EXERCISE DATA:
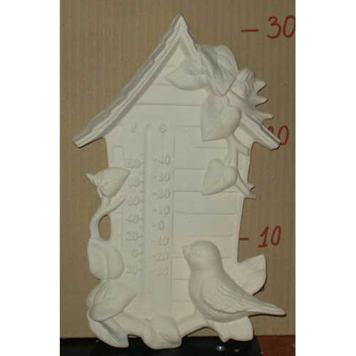 Réf. 10-030 support de thermomètre avec oiseau, figurine, h 32 ; biscuit de faïence fine (céramique brute à peindre ou à émailler)
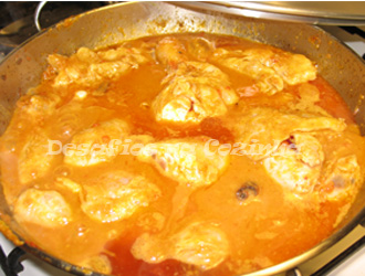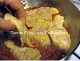 8. Juntar o frango e envolver no molho. Tapar o tacho, manter o lume baixo e deixar cozinhar cerca de 5 minutos, mexendo de vez em quando para não queimar;
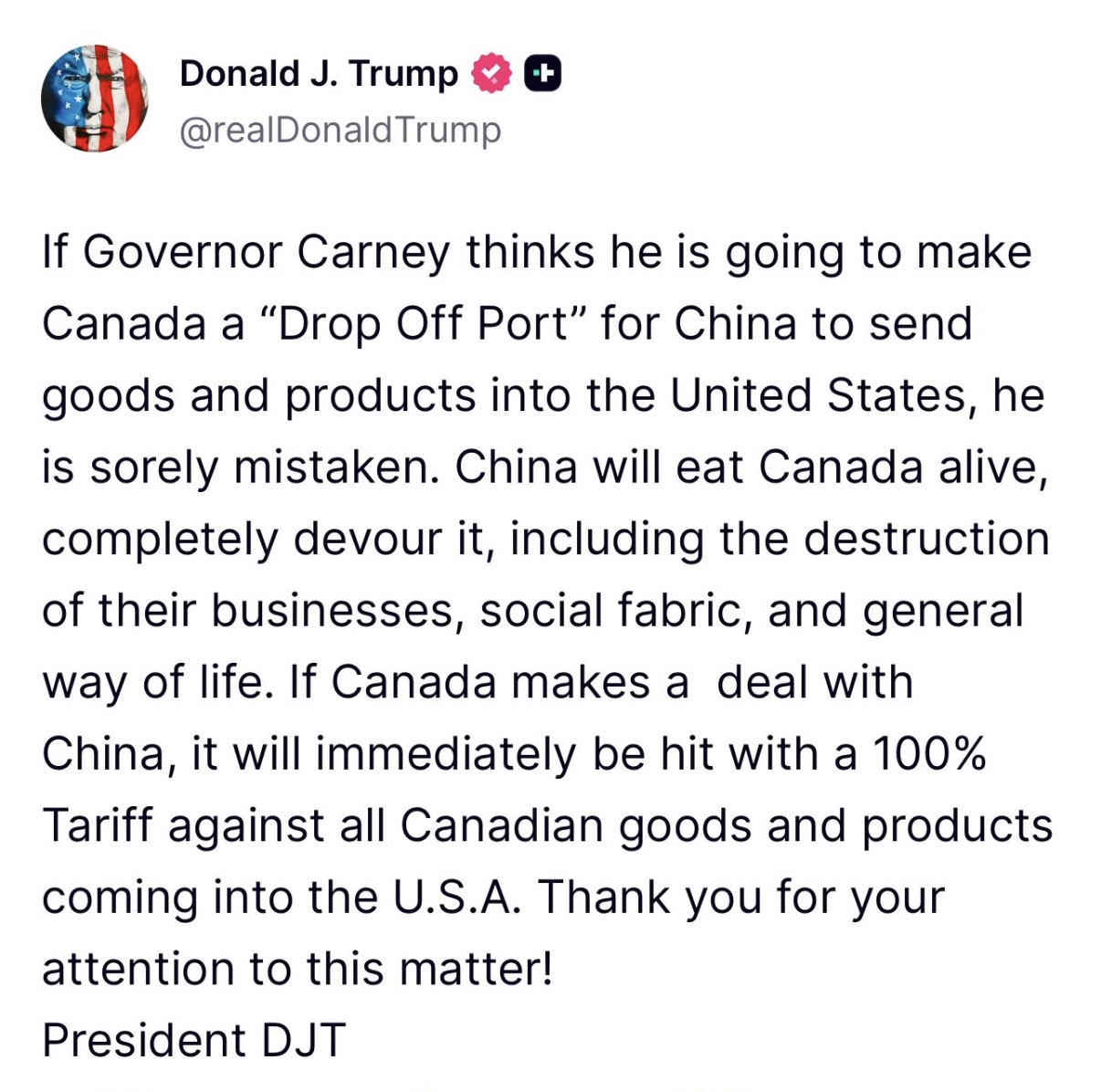 特朗普在其個人社交平台Truth Social上發文,並以「州長卡尼」稱呼加拿大總理卡尼。他在文中稱,若卡尼試圖將加拿大作為「轉運港」,讓中國貨物和產品經加拿大進入美國,那將是「極大錯誤」。

WORK REQUIRED: Working from the lines above, reproduce the material exactly and exclude its pictures.

RESPONSE:
 Réf. 10-030 support de thermomètre avec oiseau, figurine, h 32 ; biscuit de faïence fine (céramique brute à peindre ou à émailler)
 8. Juntar o frango e envolver no molho. Tapar o tacho, manter o lume baixo e deixar cozinhar cerca de 5 minutos, mexendo de vez em quando para não queimar;
 特朗普在其個人社交平台Truth Social上發文,並以「州長卡尼」稱呼加拿大總理卡尼。他在文中稱,若卡尼試圖將加拿大作為「轉運港」,讓中國貨物和產品經加拿大進入美國,那將是「極大錯誤」。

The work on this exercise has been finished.